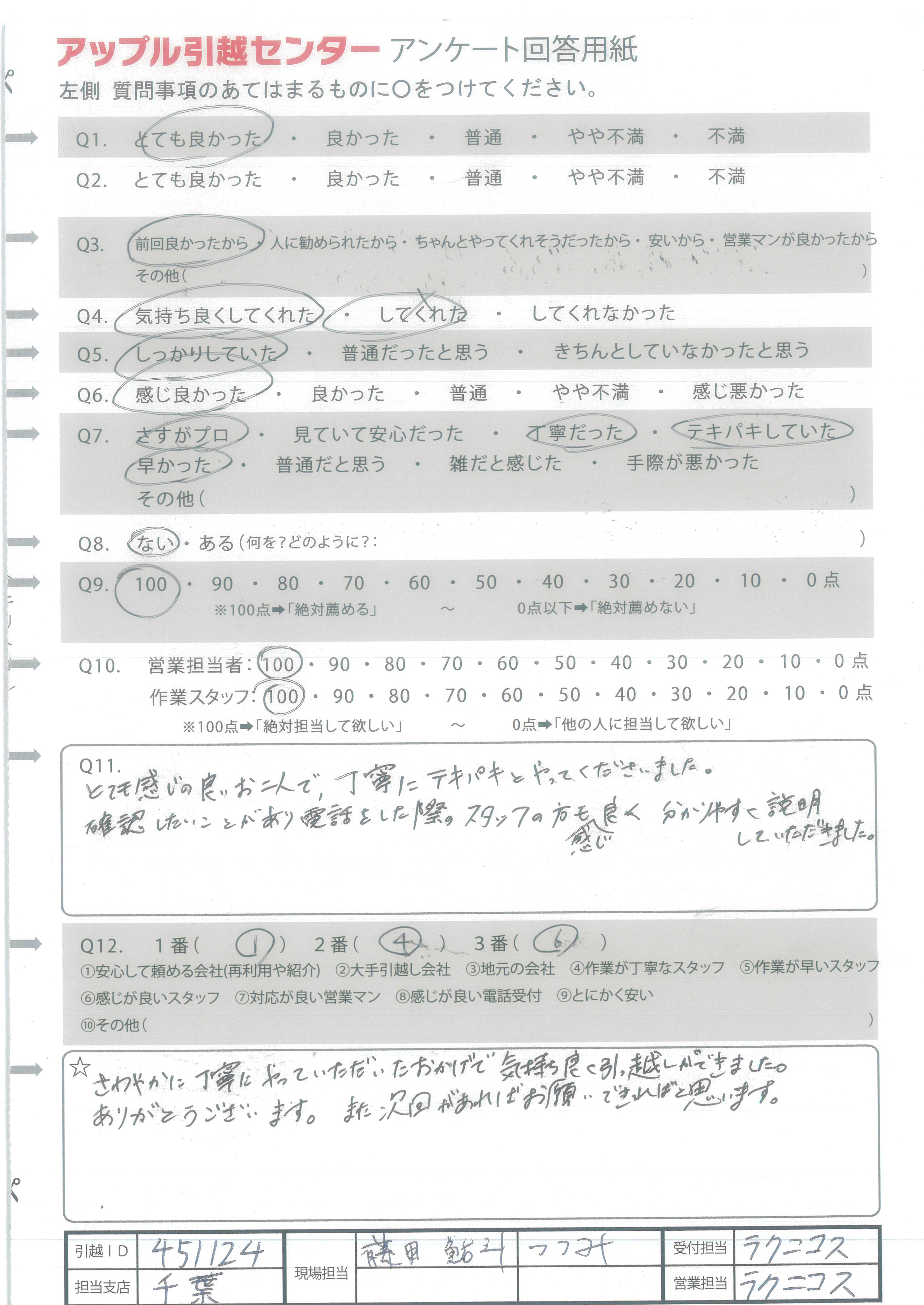 A.さわやかに丁寧にやっていただいたおかげで気持ち良く引っ越しができました。 ありがとうございます。また次回があればお願いできればと思います。
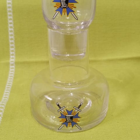 17 cm høy karaffel inkludert glass på toppen, med inngravert "med hilsen fra Feiring Bruk" - Det er en vakker karaffel - dessverre er det nok en gave som ett firma har bestilt fra Feiring Bruk. Tenkte hvis noen hadde jobbet på Feiring Bruk - eller en i familien har jobbet der - kan den jo ha en affeksjons verdi
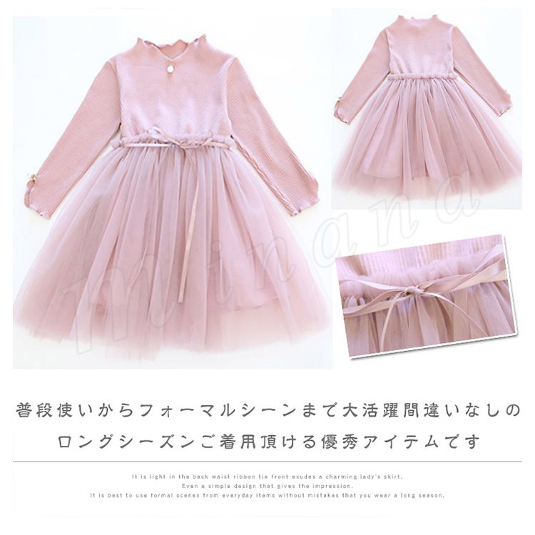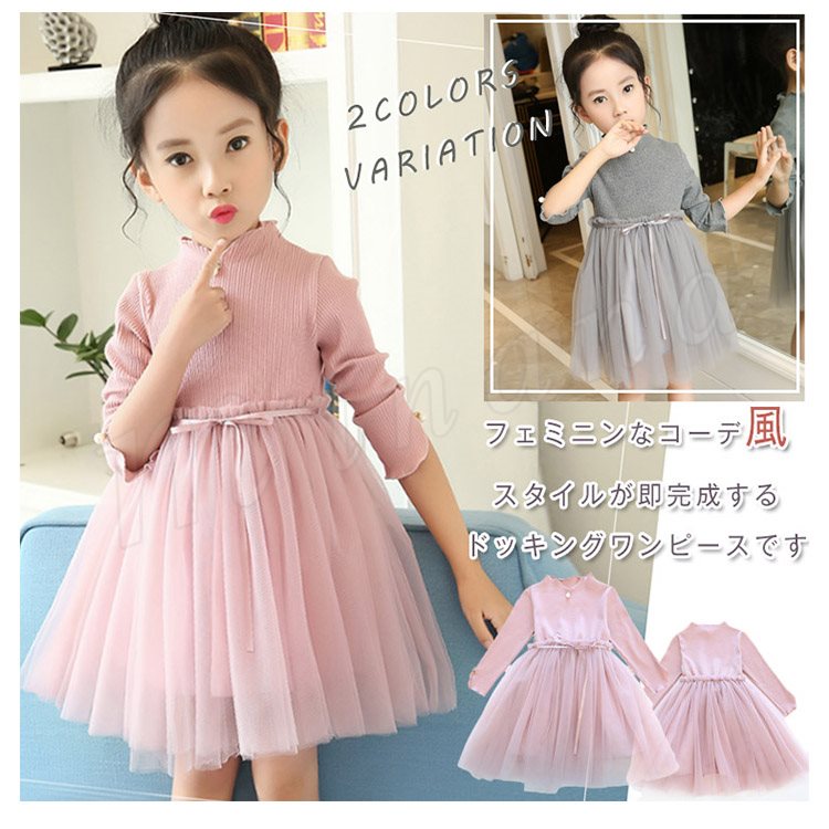 フェミニンなコーデ風スタイルが即完成するドッキングワンピース 女の子ワンピース 子供服 キッズワンピース Aラインワンピース チュール リボン
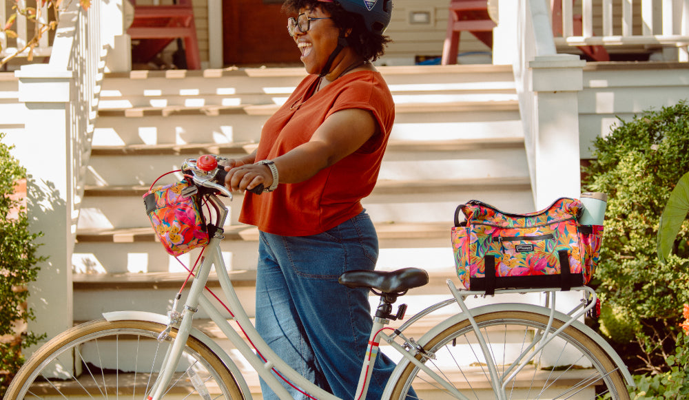 Your ride, upgraded. The Katy Trunk Bag and Crescent Bike Basket are the ultimate everyday duo - giving you structured organization in the back and easy-access storage up front.
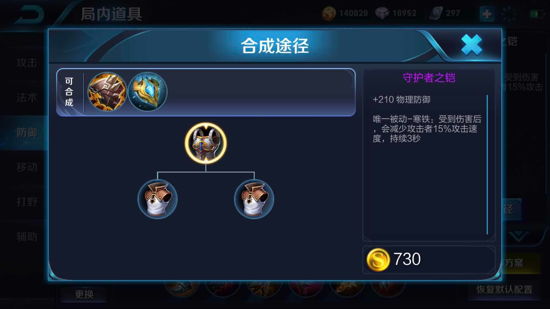 守护者之铠是不详征兆和极寒风暴的“过渡装”,能增加210点护甲值,还附减少敌人15%攻速的被动效果,价格也只要730金币。
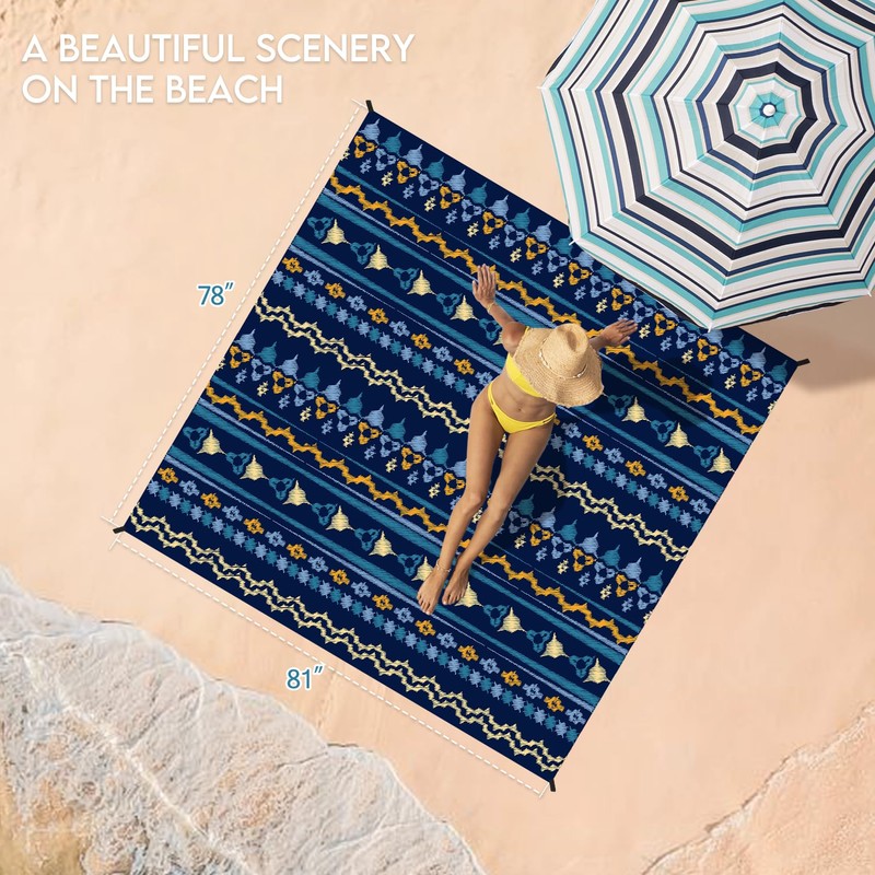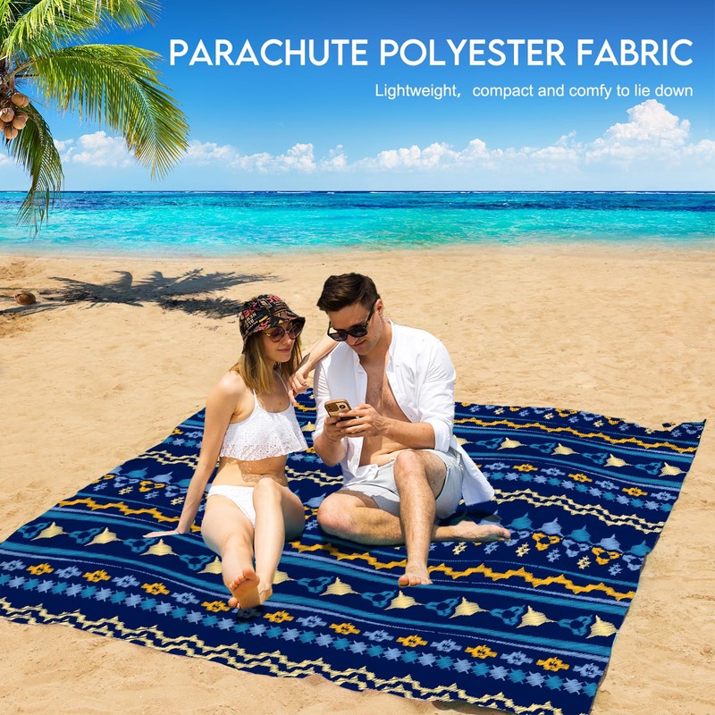 - 🏖️Beach Blanket Waterproof Sandproof:78''×81''size beach blanket,suit for 1-5 adults in total,odorless,made by parachute fabric.Rip-stop 210T polyester,light weight and small after folding.12 oz easy to carry,small and mighty!
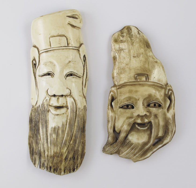 2 CARVED IVORY FACES OF CHINESE MEN: Carved and pierced from remnants of tusks, larger measures 5 7/8'' long, smaller 4 7/8''.
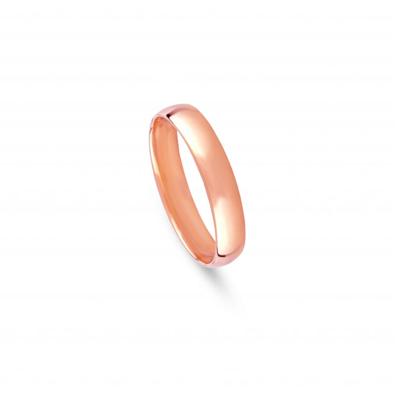 Aliança Romantis Golden Rose, em ouro rosa, disponível em Ouro 19.2k ou Ouro 9k. Com 3.5mm de largura e uma espessura aproximada de 1mm, meia cana baixa, amendoada por dentro e por fora, esta aliança destaca-se pela sua elegância intemporal, perfeita para um visual clássico e requintado.
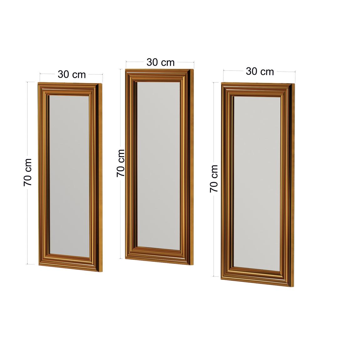 Paranna kotisi kauneutta tällä upealla peilisarjallaMuuta asuintilasi tyylikkääksi ja hienostuneeksi tilaksi tällä upealla peilisarjalla. Tämä kolmen peilin setti on valmistettu äärimmäisen huolellisesti ja huolellisesti, jotta se tuo loistoa mihin tahansa huoneeseen. Koe vertaansa vailla oleva laatu ja kestävyysNämä peilit on valmistettu 100 % mdf-levystä ja ne on rakennettu kestämään. Laminoidut kehykset eivät ainoastaan paranna peilien kestävyyttä, vaan myös lisäävät peilien ylellisyyttä kirkkaan kultaisella viimeistelyllä. Pukeutumispeilin muotoilu sopii täydellisesti lisäämään ylellisyyttä makuuhuoneeseen tai vaatehuoneeseen. Luo illuusio tilasta ja valostaNämä peilit ovat 30 cm leveät, 70 cm korkeat ja 3 cm syvät, eli täydellisen kokoiset luomaan illuusion suuremmasta huoneesta. Ekologinen flotal-e-peili tarjoaa poikkeuksellisen kirkkauden ja heijastuksen, joten voit nauttia kristallinkirkkaasta kuvasta joka kerta, kun katsot siihen. Valvottu ja helppo asentaaHaluatpa sitten ripustaa ne olohuoneeseen, makuuhuoneeseen tai eteiseen, nämä peilit voidaan helposti asentaa seinälle, mikä lisää tyylikkyyttä mihin tahansa huoneeseen. Kehysten kultainen väri tuo ylellisen kosketuksen, joka sopii mihin tahansa sisustukseen. Tekniset tiedot: Tuotetyyppi: Tyyppi: Peilisarja (3 kpl)Kehysmateriaali: Peilimateriaali: Kultainen kehys: laminoitu, vaalean kullanvärinenpeilin tyyppi: Peilin mitat: Leveys: 30 cm, Korkeus: 70 cm, Syvyys: 3 cm.Peilimateriaali: Ekologinen Flotal-E-peiliSeinään kiinnitettävä: KylläVäri: Kulta Väri: Kulta

= = = = = = =

— EXERCISE DESCRIPTION —
Please restate the lines above exactly, starting at the first line of the data and stopping at the line containing "2 CARVED IVORY", which is included. Omit pictures.

— WRITTEN RESPONSE —
 A.さわやかに丁寧にやっていただいたおかげで気持ち良く引っ越しができました。 ありがとうございます。また次回があればお願いできればと思います。
 17 cm høy karaffel inkludert glass på toppen, med inngravert "med hilsen fra Feiring Bruk" - Det er en vakker karaffel - dessverre er det nok en gave som ett firma har bestilt fra Feiring Bruk. Tenkte hvis noen hadde jobbet på Feiring Bruk - eller en i familien har jobbet der - kan den jo ha en affeksjons verdi
 フェミニンなコーデ風スタイルが即完成するドッキングワンピース 女の子ワンピース 子供服 キッズワンピース Aラインワンピース チュール リボン
 Your ride, upgraded. The Katy Trunk Bag and Crescent Bike Basket are the ultimate everyday duo - giving you structured organization in the back and easy-access storage up front.
 守护者之铠是不详征兆和极寒风暴的“过渡装”,能增加210点护甲值,还附减少敌人15%攻速的被动效果,价格也只要730金币。
 - 🏖️Beach Blanket Waterproof Sandproof:78''×81''size beach blanket,suit for 1-5 adults in total,odorless,made by parachute fabric.Rip-stop 210T polyester,light weight and small after folding.12 oz easy to carry,small and mighty!
 2 CARVED IVORY FACES OF CHINESE MEN: Carved and pierced from remnants of tusks, larger measures 5 7/8'' long, smaller 4 7/8''.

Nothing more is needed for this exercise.